Continued discussion (if needed) on SC-82 redux (CA-assisted validation) https://github.com/slghtr-says/servercert/pull/3/files:

- Michael Slaughter incorporated feedback from the last few meetings into the draft and is looking for comments and additional feedback. Following this meeting, Slaughter will send out this link so that everyone can review.
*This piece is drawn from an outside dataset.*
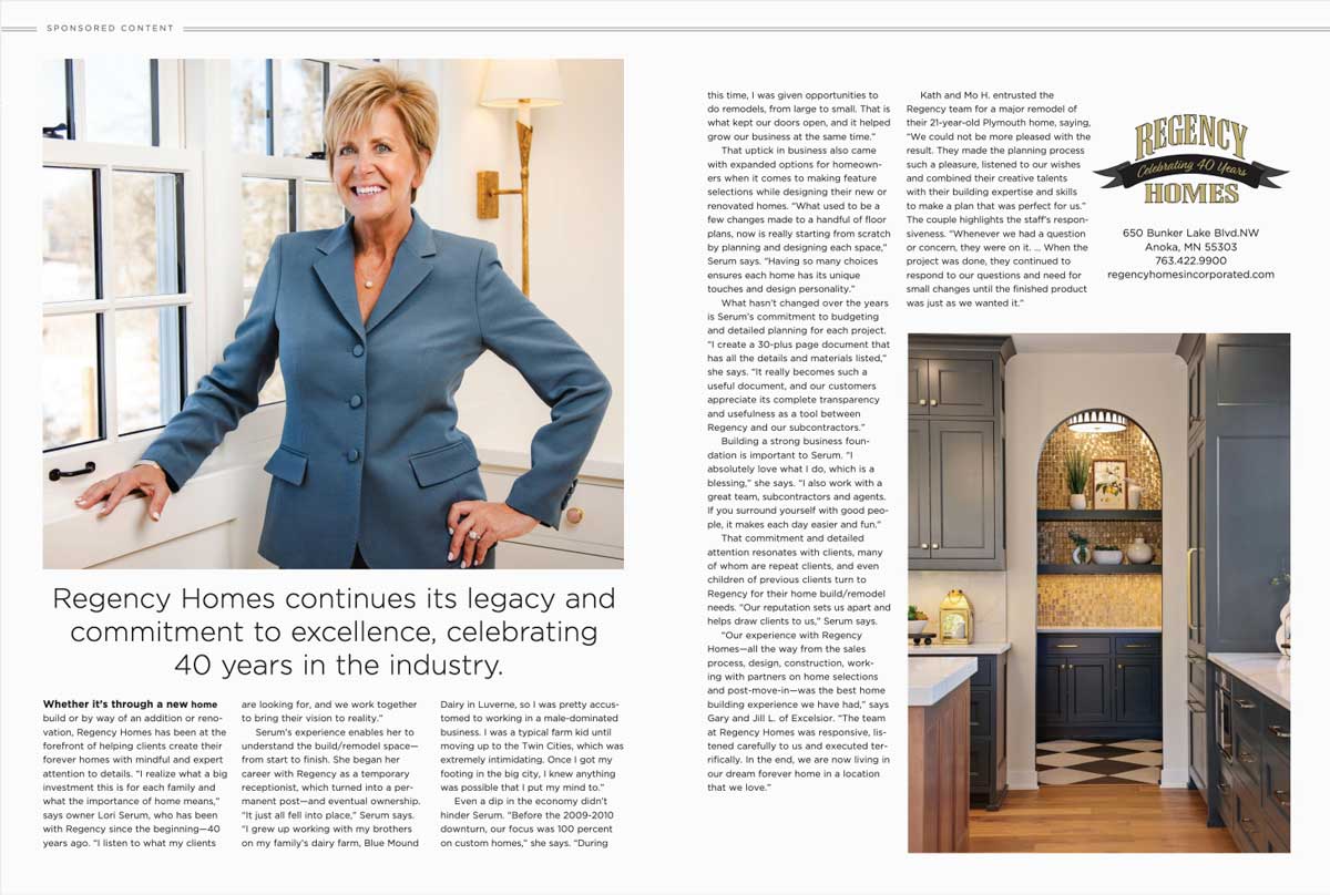 These efforts are led by industry experts Beth Ulrich, owner of Ulrich Real Estate, and Lori Serum, owner of Regency Homes. Together, Beth and Lori have over 50 years of experience building and selling homes in the Twin Cities area.

- Martijn suggested being even more specific by stating this method does not incorporate the DCV reuse policy as stated in the other section? Slaughter was considering the scenario where someone puts the TTL in the DNS TXT record for 5 years. That doesn’t seem like something we want to allow. Aaron stated we do effectively have an upper bound on it anyway, which is the validation data reuse period, so even if they set the TTL to 5 years, we still wouldn’t be able to reuse the validation data more than 398 days out. Slaughter agrees and they had previous discussions related to whether or not to make it explicit that this method is excluded from that clause in the validation reuse period, but Aaron is right that the validation reuse period serves as the upper bound constraint. Martijn expressed concern that this might be read as that's the top constraint even if the TTL is a lot lower. Corey shares this concern and thinks it would be good to be explicit in 4.2.1 and then also have a reference to 4.2.1 in this note to say that the TTL or the 8 hours supersedes anything in 4.2.1. Aaron thinks line 1010 is saying that there are 2 possible boundaries on when you can issue a certificate; one is the validation data reuse period, so if by default you can only reuse validation data for up to 398 days, but if the TTL of the DNS TXT record is lower than the validation reuse period, then you have to abide by the TTL of the DNS TXT record with the exception that if the TTL of the DNS TXT record is unreasonably low, like one second, you still have 8 hours to complete the issuance process - right? Slaughter confirmed. Aaron suggested the intent is that you must respect the TTL of the DNS TXT record if it is between 8 hours and the validation data reuse period. If it is outside of that, less than 8 hours, or more than the validation reuse period, then you use those boundaries instead. Slaughter confirmed this was the intent. Martijn suggested that a TTL of 12 hours could be interpreted as well; the DCV reuse is still in effect, so I can reuse it for 398 days. That’s not intended right? Slaughter confirmed it should be 12 hours at that point. Martijn will propose some language.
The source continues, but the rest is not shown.